We thank the Imagine Institute’s imaging facility and the Structure Federative de Recherche's histology facility for their help with this work. We are grateful to the families who participated in this study.
This research program received a state subsidy managed by the French National Research Agency as part of the “Investments for the Future” program (reference: ANR-10-IAHU-01). L. Legeai-Mallet is funded by AXA-Imagine Head-Heart Chair. F. Oury is funded by the Fondation pour la Recherche Médicale and the AGEMED-INSERM program. S. Moriceau received a grant from the National Institutes of Health (R01 DC014470). For generation of the mouse model, L. Legeai-Mallet was funded by the Fondation Maladies Rares.

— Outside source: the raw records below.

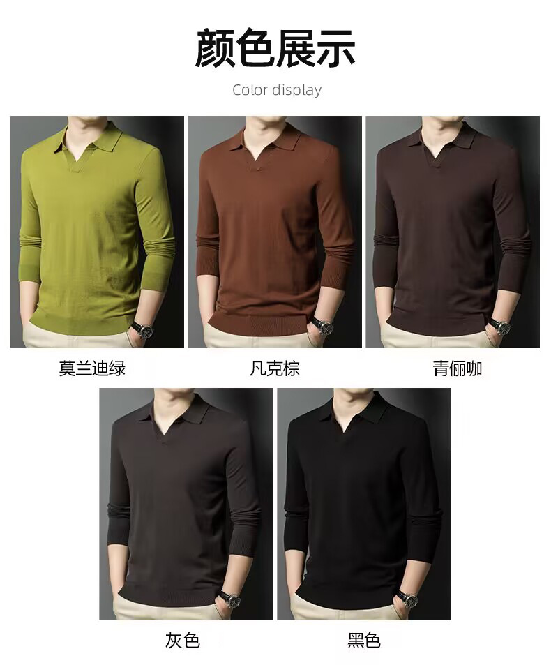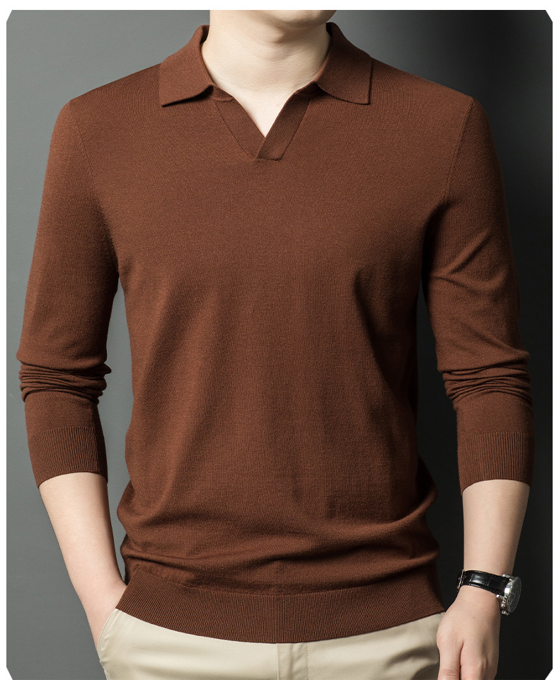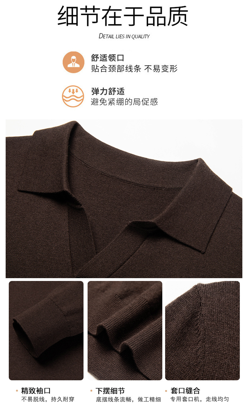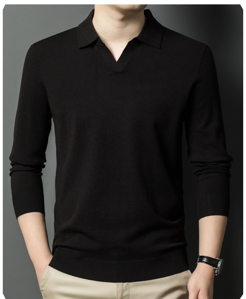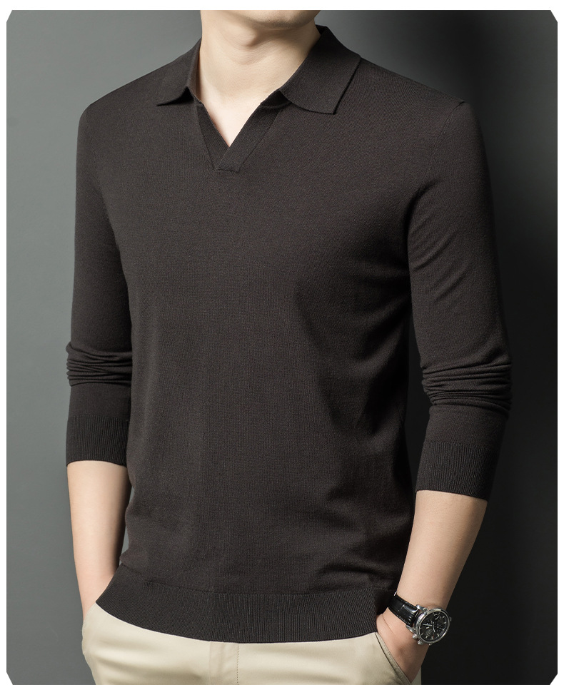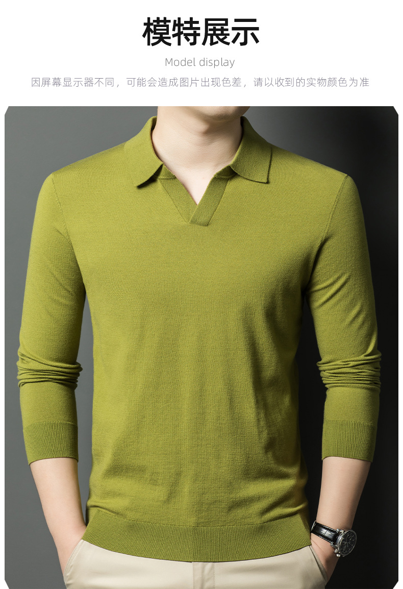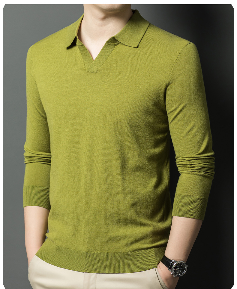 春秋カモメ襟ライセル天糸ウールメンズ抗起球ニット長袖poloシャツメンズ
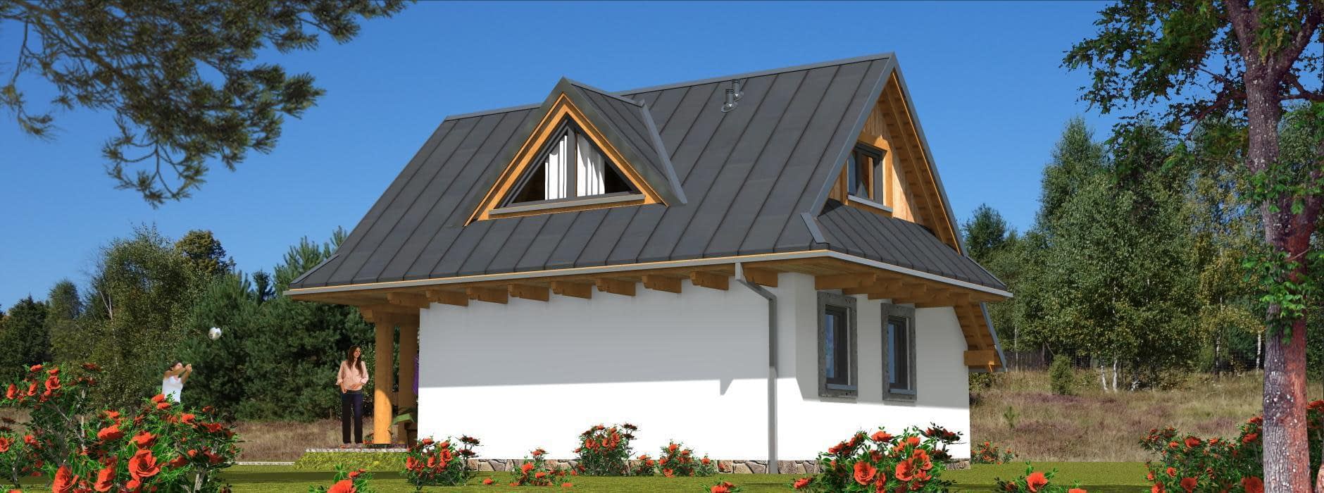 Nowoczesność z tradycją. Bryła budynku nawiązuje do architektury góralskiej, ale posiada również wiele elementów ze współczesnego budownictwa, jak choćby duże przeszklenia czy zadaszony taras. Wnętrze natomiast jest nieszablonowe. Duży otwarty pokój dzienny łączy się z kuchnią. Dlatego ma się tu wrażenie, iż pomieszczenia są znacznie większe. Do tego duże przeszklenie, które wpuszczają dużo światła, dzięki czemu pomieszczenia są jasne i przytulne. No i częściowo zadaszony taras. Wszystko to razem powoduje, iż mieszkańcy domu mogą korzystać z otaczającego dom ogrodu cały sezon. Klatka schodowa łączy się z poddaszem. Tutaj mamy 2 wygodne sypialnie. Wszystko te pomieszczenia łączy nieduży, ale wygodny hall. Projekt przewidziany jest w technologi szkieletowej, dzięki czemu dom będzie ekologiczny, ciepły i ekonomiczny. Technologia ta da temu budynkowi indywidualny klimat, który na pewno zachwyci niejednego inwestora.Rzuty
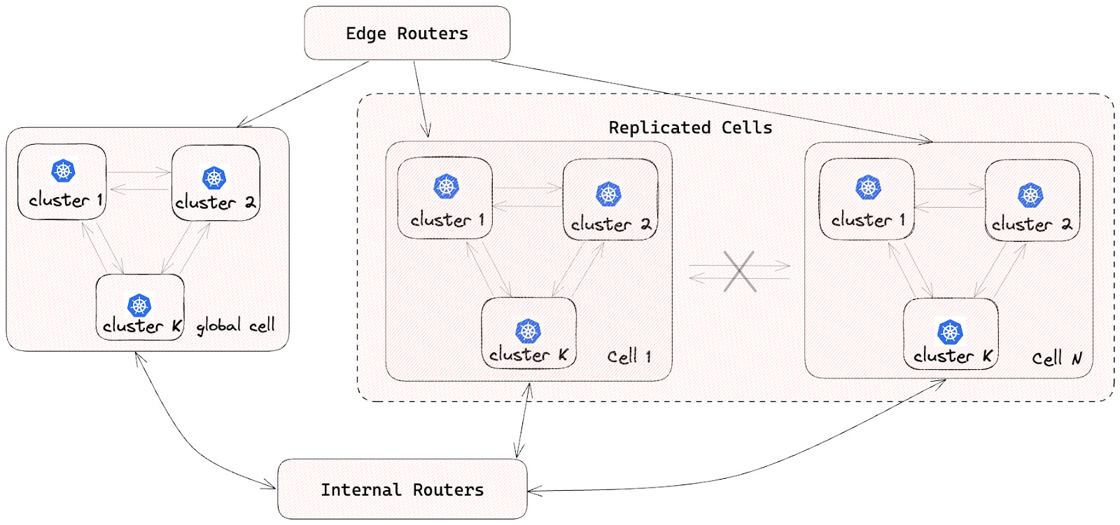 To ensure isolation between cells, no inter-cell traffic is allowed. This helps reduce the impact of a single-cell failure.
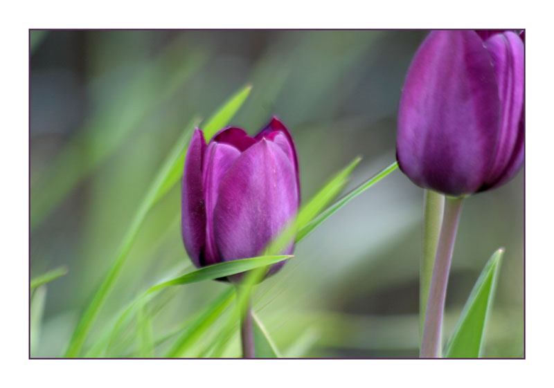 Die Fotografin hat ihr Motiv mit sparsamsten Mitteln angelegt. Eigentlich besteht es aus lediglich zwei Elementen, den Tulpen mit den paar Blattspitzen und dem im extremen Unschärfebereich gelegenen Hintergrund. Dieser Hintergrund ist wegen der Unschärfe so gering detailliert, dass seine Wesensart nicht mehr erkennbar und zu identifizieren ist. Er könnte also sowohl zufällig dort vorhanden sein, als auch ganz gezielt für diese Aufnahme gestaltet. Im Prinzip ist diese Frage aber eigentlich gar nicht relevant. Entscheidend ist vor Allem, dass die überaus große räumliche Tiefe des Hintergrunds dazu verhilft, die Tulpen als Hauptelemente des Motivs ganz klar und solitär darzustellen. Darüber hinaus unterstützen die im Hintergrund diagonal angeordneten Teile, welche schon beinahe wie von Bewegungsunschärfe verrissen erscheinen, die Form und die Anordnung der grünen Tulpenblätter.
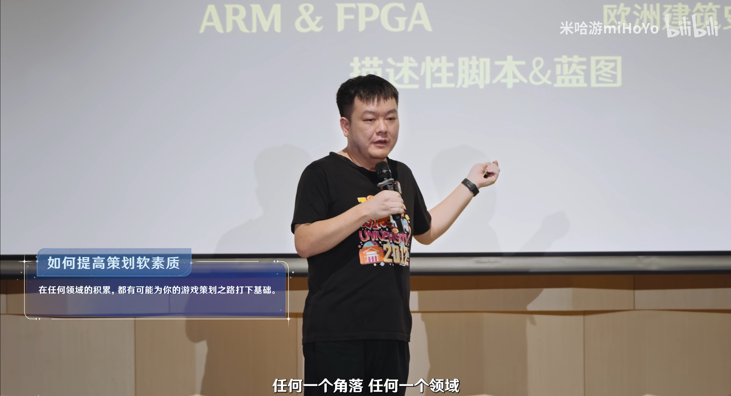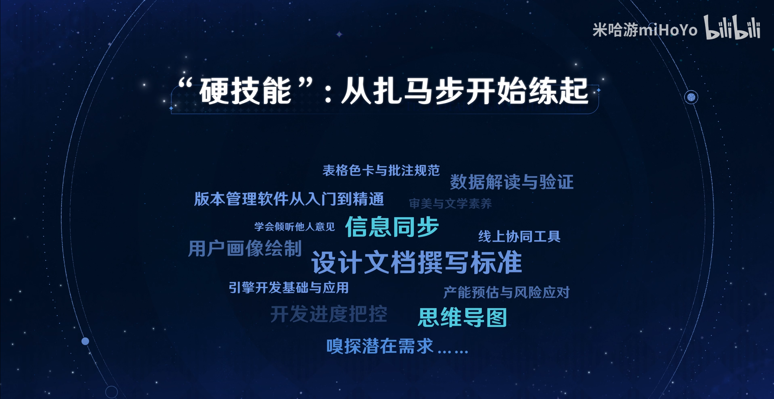 往年大家可能有听过米哈游策划的一些分享宣讲,有的人会聊团队在研发过程中发生的一些有趣片段,又或者会如数家珍地去讲一些自己的游戏研发分享。
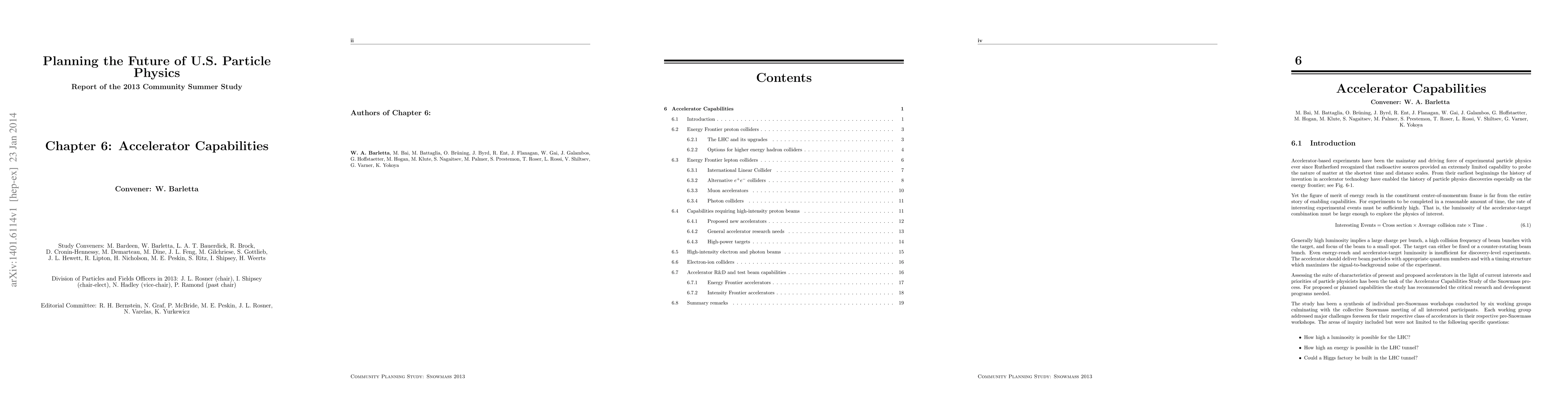 These reports present the results of the 2013 Community Summer Study of the APS Division of Particles and Fields ("Snowmass 2013") on the future program of particle physics in the U.S. Chapter 6, on Accelerator Capabilities, discusses the future progress of accelerator technology, including issues for high-energy hadron and lepton colliders, high-intensity beams, electron-ion colliders, and necessary R&D for future accelerator technologies.
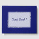 White accent guest book on navy blue with area for date and event information in spine, Matching wedding invitation suite in store.
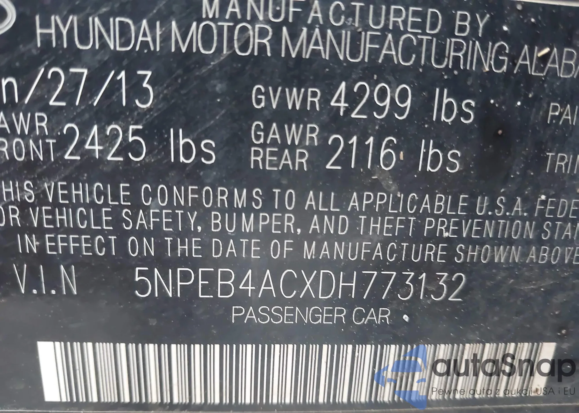 • VIN 5NPEB4ACXDH773132
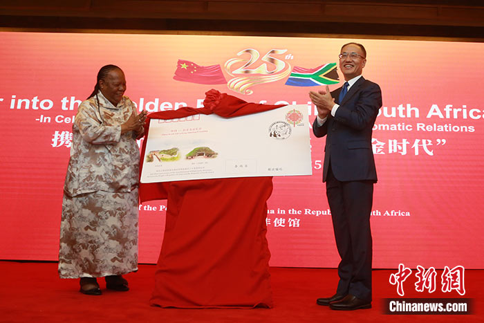 當(dāng)?shù)貢r(shí)間12月12日,中國(guó)駐南非大使館隆重舉行慶祝中國(guó)和南非建交25周年招待會(huì)。圖為中國(guó)駐南非大使陳曉東同南非外長(zhǎng)潘多爾為中南建交25周年紀(jì)念封揭幕。 中新社記者 王曦 攝

Author contributions: L. Legeai-Mallet conceived the project. L. Legeai-Mallet and F. Oury designed the research. M. Cornille and S. Moriceau performed the behavioral experiments. M. Cornille, Y. Heuzé, R.H. Khonsari, A. Morice, V. Boitez, and M. Bensidhoum performed and analyzed morphometric and geometric analyses. C. Collet performed the genetic analyses. S. Moriceau interpreted the cochlear data. T. Rauschendorfer and S. Werner interpreted the skin data. G. Paternoster, E. Arnaud, and N. Boddaert analyzed the human MRI data. L. Loisay and V. Boitez performed the WB analyses. M. Cornille and S. Moriceau prepared the figures. L. Legeai-Mallet, F. Oury, M. Cornille, S. Moriceau, and F. Di Rocco wrote the manuscript, and all other authors provided critical comments on the manuscript. All authors read and approved the final manuscript.
Disclosures: L. Legeai-Mallet and F. Oury reported a patent to BIO19248 pending. No other disclosures were reported.
M. Cornille and S. Moriceau contributed equally to this paper.